__WHAT YOU SHOULD DO__. From the entries below, reproduce exactly the lines from the one with "Edith Roux (born" through the one with "This is a stunning", both included, without images.

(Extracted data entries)

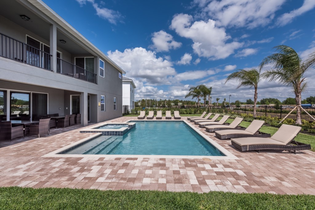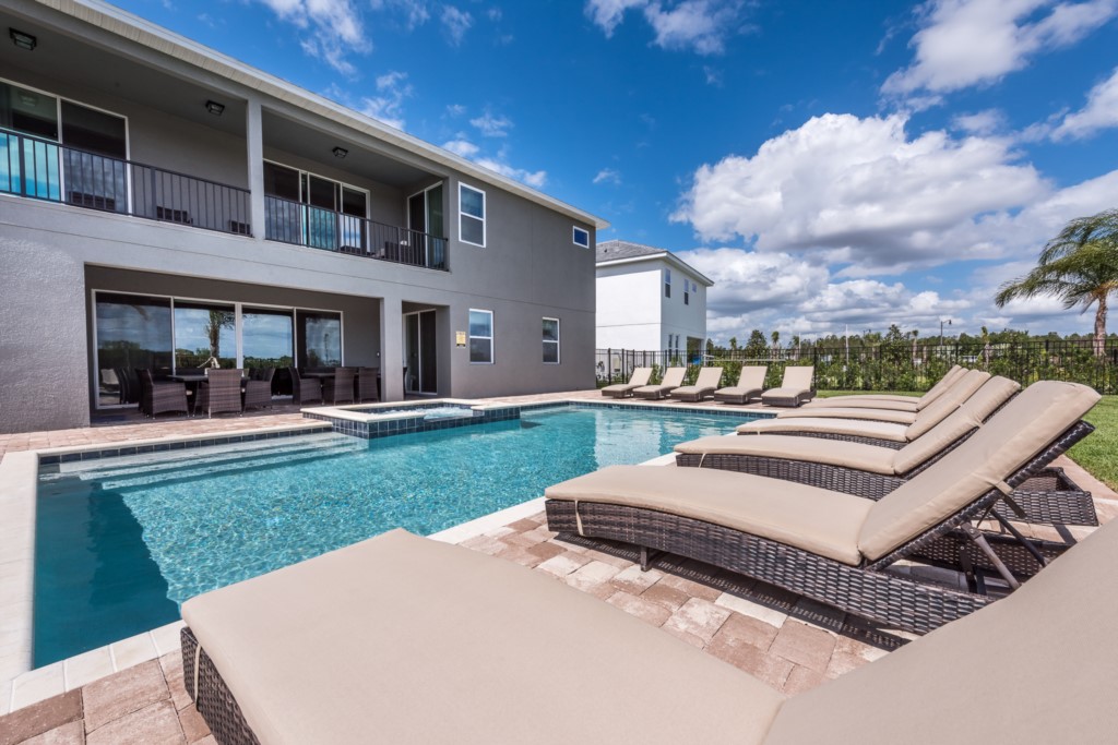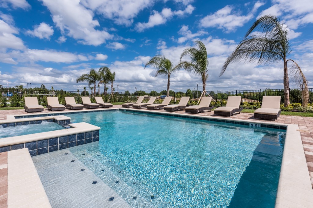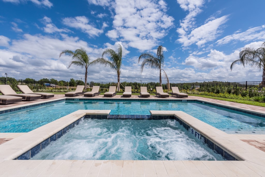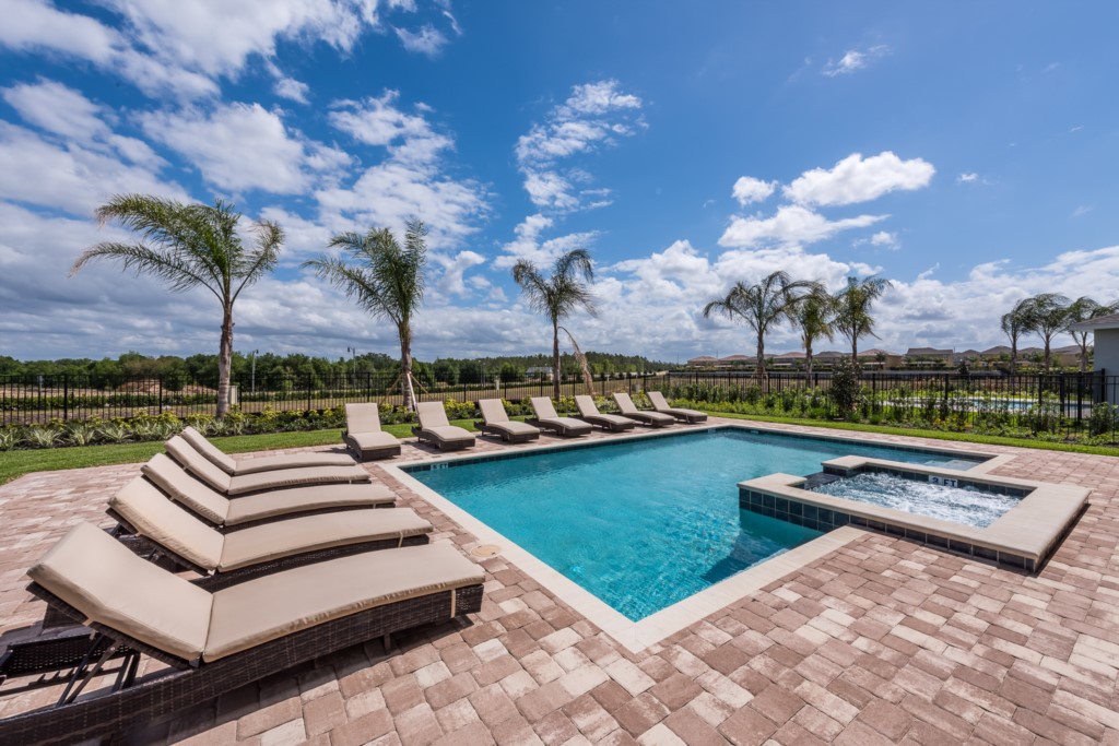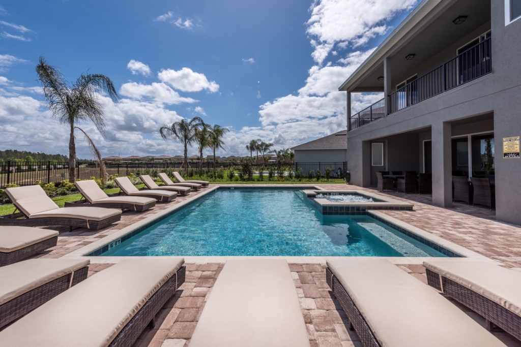 The private outdoor pool deck and spa is the perfect way to enjoy Florida's warm weather any time of the day.
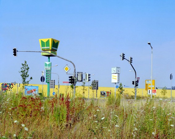 Edith Roux (born in Paris, 1963) analyses with photography contemporary landscapes in what they reveal on the evolution of urbanization and our environment. EUROLAND* – Indefinite zones with no particular qualities are created between cities and the surrounding countryside. Scenery consists of shopping centres built along motorways, dual-carriageways, ring roads and intersections; of roads lined with billboards; and of soulless, all-purpose buildings.
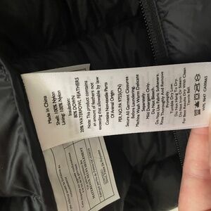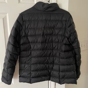 LOVE this jacket, just realized I have three black jackets and probably don’t need all of them! This jacket is extremely light and rolls up very small so a perfect travel companion. Great over a fleece sweater for extra insulation and some water coverage if needed. Only wore a handful of times. No pilling of feathers, rips, tears, etc. Let me know if you have any other questions! :)
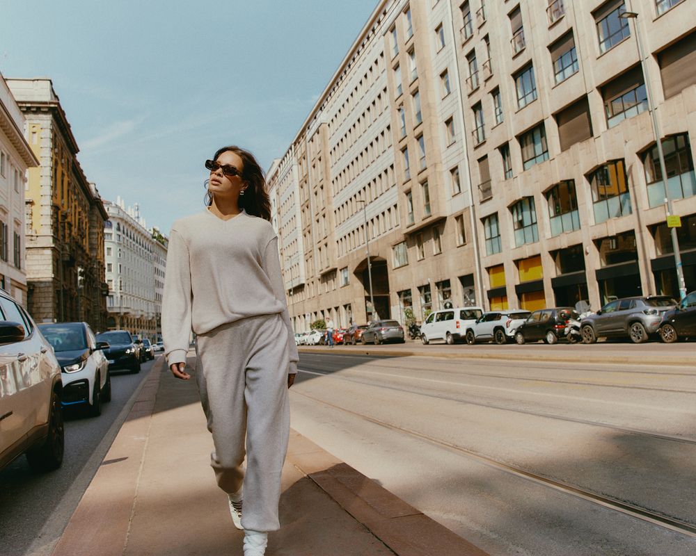 Ακολουθεί η επιλογή από modal wool με contrasting προφίλ, όπου η απαλότητα του υφάσματος συναντά μοντέρνες λεπτομέρειες. Το πουλόβερ με στρογγυλή λαιμόκοψη είναι εφαρμοστό και ιδανικό είτε για προσωπικές στιγμές είτε για να φορεθεί κάτω από παλτό τις πρώτες κρύες μέρες, ενώ το παντελόνι σε ίσια γραμμή με στρογγυλεμένες άκρες αναδεικνύει τη σιλουέτα και εξασφαλίζει ελευθερία κινήσεων.
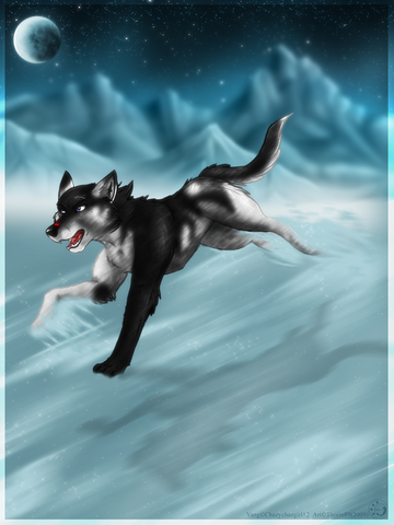 This is a stunning piece of artwork, it really is. The shading is wonderful, which makes the snow,wolf,and beautiful sky look very realistic. So great job on everything! It looks great
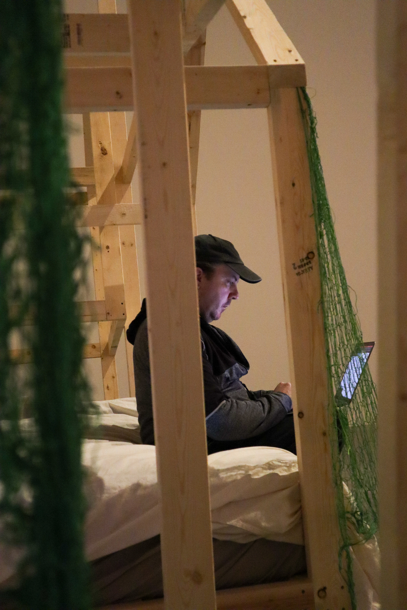 “Upon viewing Deep Dream Superstructure, I was flooded with thoughts about how the act of sleeping, or rather the lack of it, is a vulnerable action. How the time we spend in our beds can evoke significant thoughts and feelings we individually go through, yet this sculpture offered a site where collective feelings are shared.
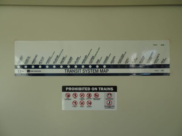 10時半すぎに乗車しましたが カポレイ方面は… うんガラガラ いくら空港に直結したといえども 肝心なワイキキ方面はまだまだですからね。主に道路渋滞緩和を目的としたところなので、朝時間帯は… おそらく混むのかなと思います。ちなみに、スカイライン開通に伴いまして スーツケースなどの持込規制も緩和になっています(The Bus同様) 今まで機内持込サイズだけだったのが その一回り大きなのもOK になったのかな ただし、周りへの配慮は必要ですけどね

__ANSWER FOR THIS EXERCISE__.
 Edith Roux (born in Paris, 1963) analyses with photography contemporary landscapes in what they reveal on the evolution of urbanization and our environment. EUROLAND* – Indefinite zones with no particular qualities are created between cities and the surrounding countryside. Scenery consists of shopping centres built along motorways, dual-carriageways, ring roads and intersections; of roads lined with billboards; and of soulless, all-purpose buildings.
 LOVE this jacket, just realized I have three black jackets and probably don’t need all of them! This jacket is extremely light and rolls up very small so a perfect travel companion. Great over a fleece sweater for extra insulation and some water coverage if needed. Only wore a handful of times. No pilling of feathers, rips, tears, etc. Let me know if you have any other questions! :)
 Ακολουθεί η επιλογή από modal wool με contrasting προφίλ, όπου η απαλότητα του υφάσματος συναντά μοντέρνες λεπτομέρειες. Το πουλόβερ με στρογγυλή λαιμόκοψη είναι εφαρμοστό και ιδανικό είτε για προσωπικές στιγμές είτε για να φορεθεί κάτω από παλτό τις πρώτες κρύες μέρες, ενώ το παντελόνι σε ίσια γραμμή με στρογγυλεμένες άκρες αναδεικνύει τη σιλουέτα και εξασφαλίζει ελευθερία κινήσεων.
 This is a stunning piece of artwork, it really is. The shading is wonderful, which makes the snow,wolf,and beautiful sky look very realistic. So great job on everything! It looks great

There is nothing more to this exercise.